Naked City

Capitol Reporter Untimely Ripped

You wouldn't guess the Washington Post would pay much attention to daily reporters' assignments in Austin, but last month the Post's media critic got one of the best political reporters in Texas yanked off part of his Capitol beat. On April 8, the Post's Howard Kurtz opened a transparently planted item with this lead: "A reporter for the San Antonio Express-News is raising eyebrows among Texas politicos by writing about his former bosses." The reporter in question is W. Gardner Selby, and according to Kurtz, those unnamed "Texas politicos" with sensitive eyebrows thought Selby shouldn't be reporting on the political campaigns of John Sharp for lieutenant governor or Comptroller Carole Keeton Rylander for re-election -- because he had worked in the comptroller's office from 1995 to 2000, overlapping the tenures of the two candidates. Selby was never in a political or even policy position -- he did research and wrote reports for the agency -- and the notion that this might now disqualify him from covering two politicians in different races, from opposite parties, is complete hogwash.

One beef to Kurtz came from Sharp's Republican opponent, David Dewhurst, but "Naked City" happens to know Sharp was upset earlier this year by an accurate Selby report of Sharp's comments to a business convention -- because Sharp complained to us about it as well. Selby is an excellent, thorough, fair-minded reporter, and he doesn't deserve to be jerked around by a media columnist 2,000 miles away.

For a reporter who works in D.C., where the revolving PR flack/reporter door spins at light speed, Kurtz sounds like he just fell off the turnip truck. Readers in Bethesda or Alexandria must have been muttering over their corn flakes, "Who are these people and why am I reading about them?" It's clear that some Texas campaign operative got Kurtz's ear and bitched about Selby for no good reason, and Kurtz swallowed the bait. That's not so surprising inside the Beltway. But when Kurtz called Selby's boss, Express-News Editor Bob Rivard, Rivard swallowed it too -- sanctimoniously deciding on the spot that Selby can no longer cover his former bosses, saying, "It was a mistake to send him on such assignments." Rivard did praise Selby as "a solid reporter with no political agenda," but he had already yanked the rug out from under him by kowtowing to Kurtz.

Kurtz should have been told that spurious campaign back-stabbing didn't start yesterday, and Selby's boss would catch any partisan knives aimed at his reporters, thank you very much.

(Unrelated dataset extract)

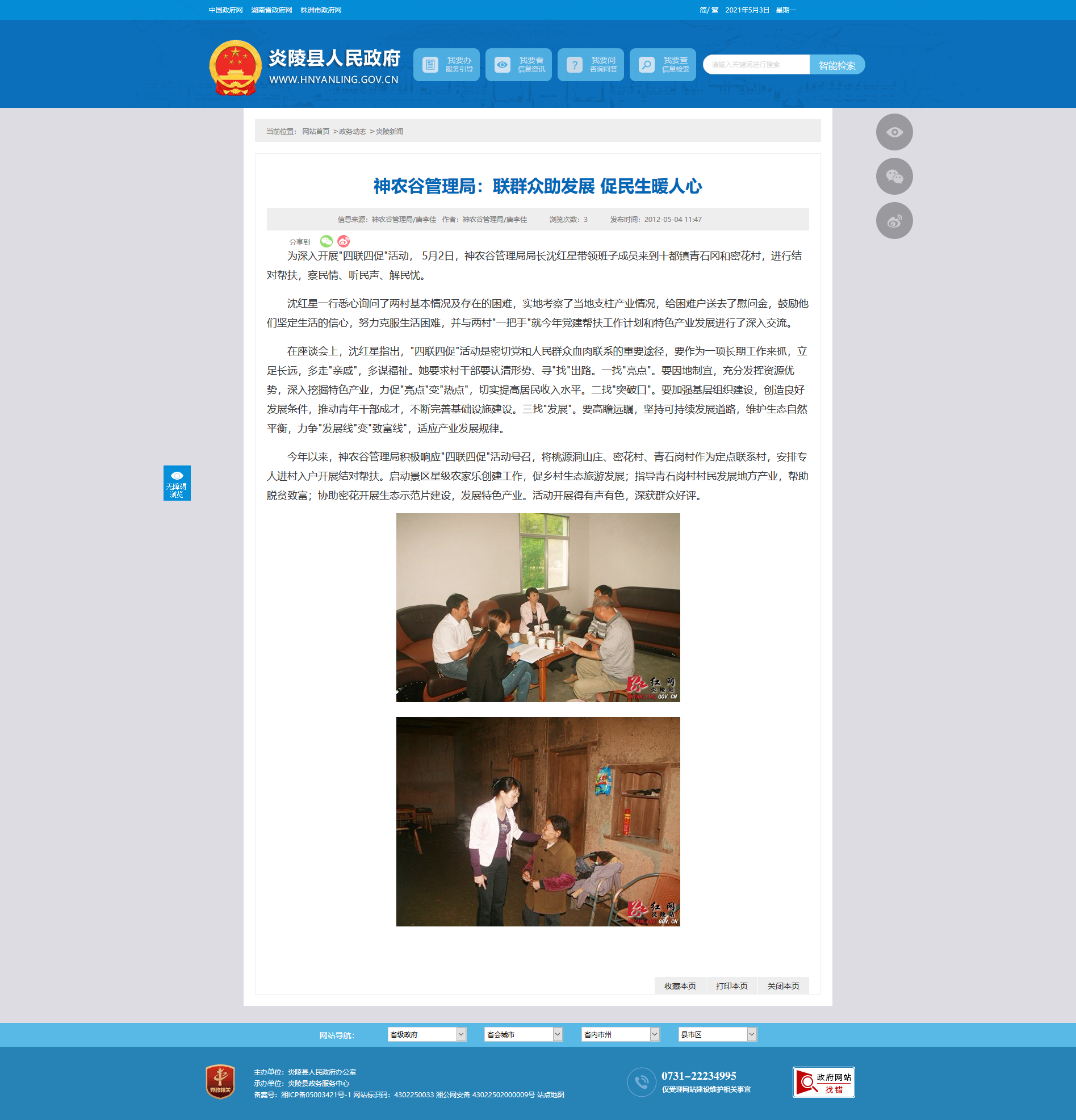 今年以来,神农谷管理局积极响应"四联四促"活动号召,将桃源洞山庄、密花村、青石岗村作为定点联系村,安排专人进村入户开展结对帮扶。启动景区星级农家乐创建工作,促乡村生态旅游发展;指导青石岗村村民发展地方产业,帮助脱贫致富;协助密花开展生态示范片建设,发展特色产业。活动开展得有声有色,深获群众好评。

Selby can't comment on his own job, but a call to Rivard was returned by State Editor Gary Newsom, who said, "The simple explanation [for the reassignment] was a perception of a conflict of interest. Gardner hadn't done anything wrong, but if somebody is asking these questions, it means the reporter has become part of the story. It would have looked bad whatever we did or didn't do." Newsom said, "We have complete confidence in Gardner," who has been reassigned to be the lead reporter on the U.S. Senate race and the second reporter on the governor's race. "That's not a demotion," Newsom added.

Selby's story is not a censorship outrage, but his work will definitely be missed on the Sharp/Dewhurst race -- although not having to cover the titanic battle between Rylander and Marty Akins he might well consider a boon. After the flap, a small weekly published in Crawford, The Lone Star Iconoclast, named Selby "Iconoclast of the Week." The paper might have added that Rivard and the Express-News had earned awards for "Invertebrates of the Month."